The game was also translated to Portuguese (Brazil) and released for the Zeebo, a Brazilian video-game in January 2010.

Zenonia was released for the Android OS on March 27, 2010. It supports both HVGA and WVGA screen resolutions and runs on Android versions 1.5 and greater. It was later released for Nintendo's DSiWare in North America on September 27, 2010, and in the PAL region on December 24, 2010. On October 12, 2010, it was also released on the PSP.

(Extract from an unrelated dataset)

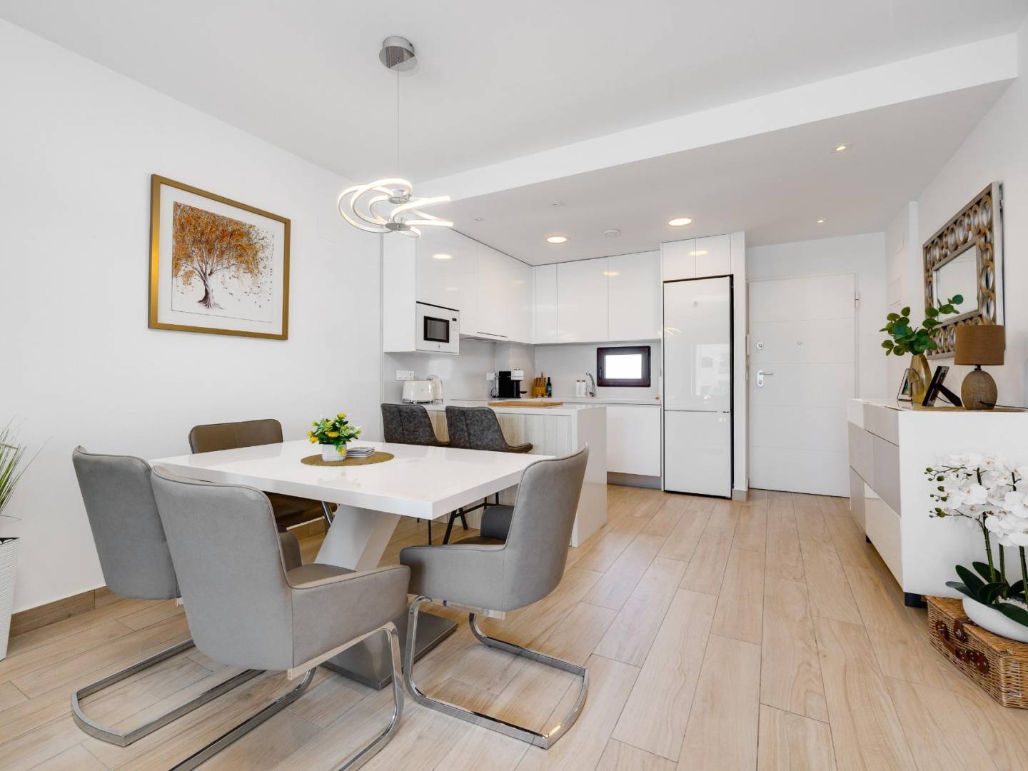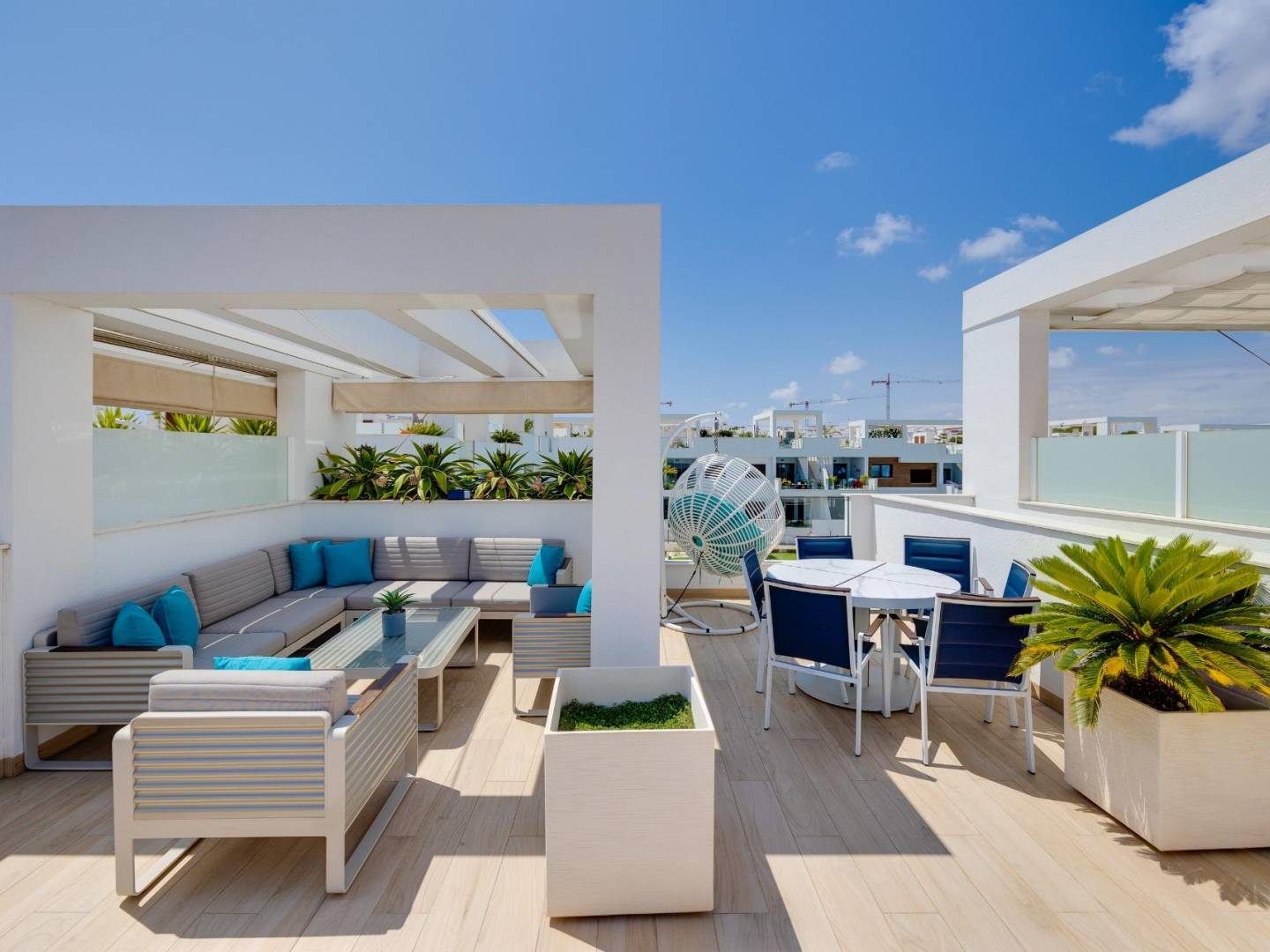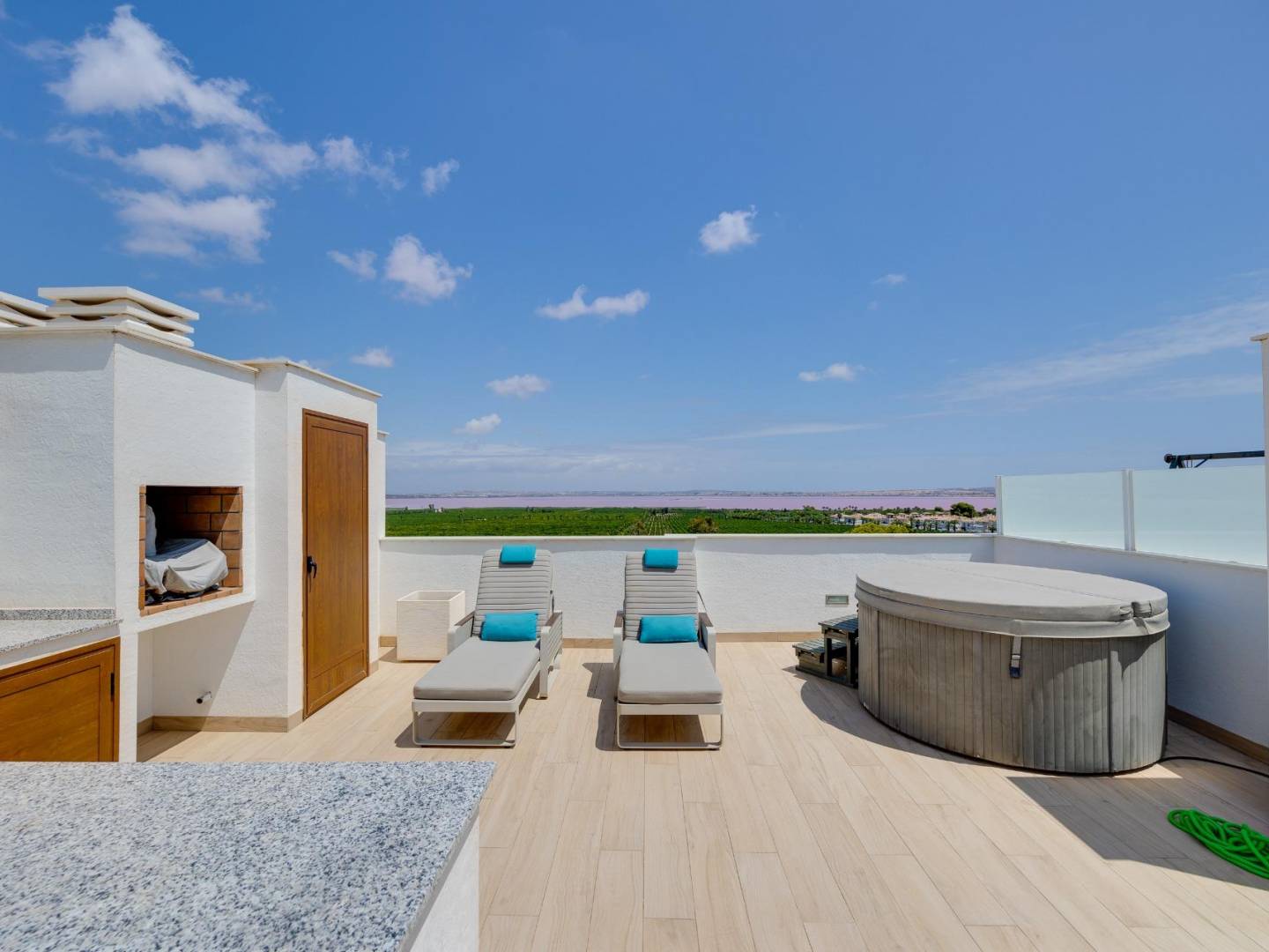 Bienvenue au bungalow numéro 52 dans le prestigieux complexe résidentiel Laguna Beach, construit par Immosol en 2021 situé à Los Balcones, Torrevieja. Cette propriété presque neuve n'a été utilisée que pour des vacances quelques fois au cours de l'année. Elle dispose d'un vaste espace de vie-salle à manger avec une cuisine ouverte entièrement équipée d'appareils modernes. Sortez sur votre terrasse vitrée qui mène directement à un grand solarium privé doté d'aménagements luxueux, y compris un jacuzzi offrant des vues à couper le souffle sur la lagune rose de Torrevieja , les montagnes et la mer .~~L'espace extérieur est parfait pour recevoir des invités ou se détendre au soleil ; il dispose d'un aménagement barbacoa (barbecue) et d'un espace de rangement dans son vaste bar de style américain , et comprend des ombres de pergola ainsi qu'une douche extérieure tout ce dont vous avez besoin !~~Cette belle maison se compose de deux chambres accompagnées de deux salles de bains l'une étant attenante à la chambre principale . L'ensemble de la résidence bénéficie d'une abondante lumière naturelle illuminant chaque coin tout en offrant des vues dégagées depuis toutes les pièces .~~Inclus, des places de parking souterraines pratiques ainsi que des espaces de rangement supplémentaires sans coût additionnel ! De plus, les résidents peuvent se faire plaisir dans l'une des plus exquises piscines communautaires d'Orihuela Costa magnifiquement présentée dans nos photos .~~Vivre ici signifie rejoindre de nombreux voisins satisfaits qui ont fait de cet endroit leur résidence permanente en raison du confort et de la qualité de vie , tandis que d'autres l'utilisent pendant les périodes de vacances choisies .~De plus, à proximité : Supermarché Mercadona à deux pas (400m), excellentes liaisons de bus améliorant l'accessibilité entre Torrevieja et Orihuela Costa etc., ainsi qu'un accès via l'AP-7 vers l'aéroport d'Alicante Une position idéale en effet !~
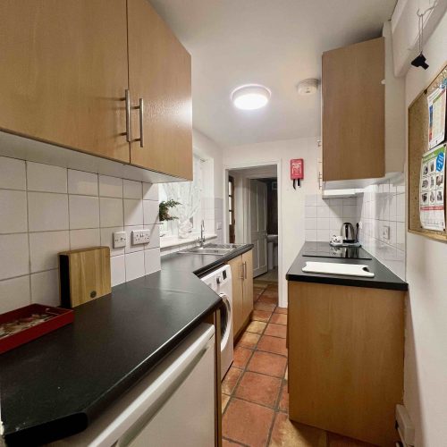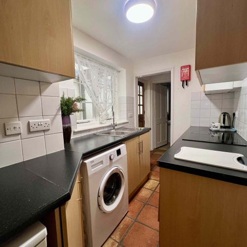 There is a comfortable shared lounge with dining space, and a shower/bathroom on the ground floor. There is a cottage-style galley kitchen with fridge, freezers and washing machine, leading to a small but very appealing walled garden to the rear.

Com2us announced on 8 May 2026 it would release a Windows port via Steam. A demo was release as part of Steam Next Fest. It was released on 31 August 2026.

==Reception==

Zenonia has largely received positive reviews and has been compared graphically with earlier games in The Legend of Zelda and Final Fantasy series. The game's script has been praised for being well-written and humorous. PC Magazine named the game as one of the "must-have" games for iPhone. Tracy Erickson of Pocket Gamer gave it a Silver Award, calling it "vintage role-playing at its zenith". Pocket Gamer also awarded it Best Adventure/RPG Game for iPhone in 2010.

Aggregate score
| Aggregator | Score |
|---|---|
| GameRankings | iOS: 84% |

Review scores
| Publication | Score |
|---|---|
| IGN | 9.0/10 |
| VideoGamer.com | 8/10 |
| Pocket Gamer | 8/10 |
| Slide to Play | 4/4 |

==Sequels==
Gamevil developed a sequel to Zenonia, Zenonia 2: The Lost Memories. It features four new characters with their own special abilities and combat tactics: Lu, the paladin (melee class), Ecne, the shooter (gunner class), Morpice, the magician (ranged mage class), and Daza, the warrior (melee class). The sequel features a new interface for character customization with over 1200 new items which, in addition to raising your character's fighting statistics, change his or her appearance. New landscapes have also been added to challenge the player even more than in the prior game. New terrain include ice to skid across, ledges to climb and flowing lava. The game also features player versus player (PvP) battles in a small arena. Each of the game's four towns have a different Arena layout.

The sequel was released in the iOS App Store on March 29, 2010, and the Google Play Store on December 24, 2010.

A further sequel, Zenonia 3, was released in the Apple App Store on April 28, 2011, and the Google Play Store on August 1, 2011.

The sequel to Zenonia 3, called Zenonia 4, was released in Korea on September 26, 2011. It was released in the Apple App Store on December 22, 2011, and in the Google Play Store on February 10, 2012

Zenonia 5 was released in the Google Play Store on November 29, 2012. The iOS version was released on January 10, 2013.

The next sequel after Zenonia 5 is Zenonia S, released in worldwide in both the Google Play Store and App Store in July 2015.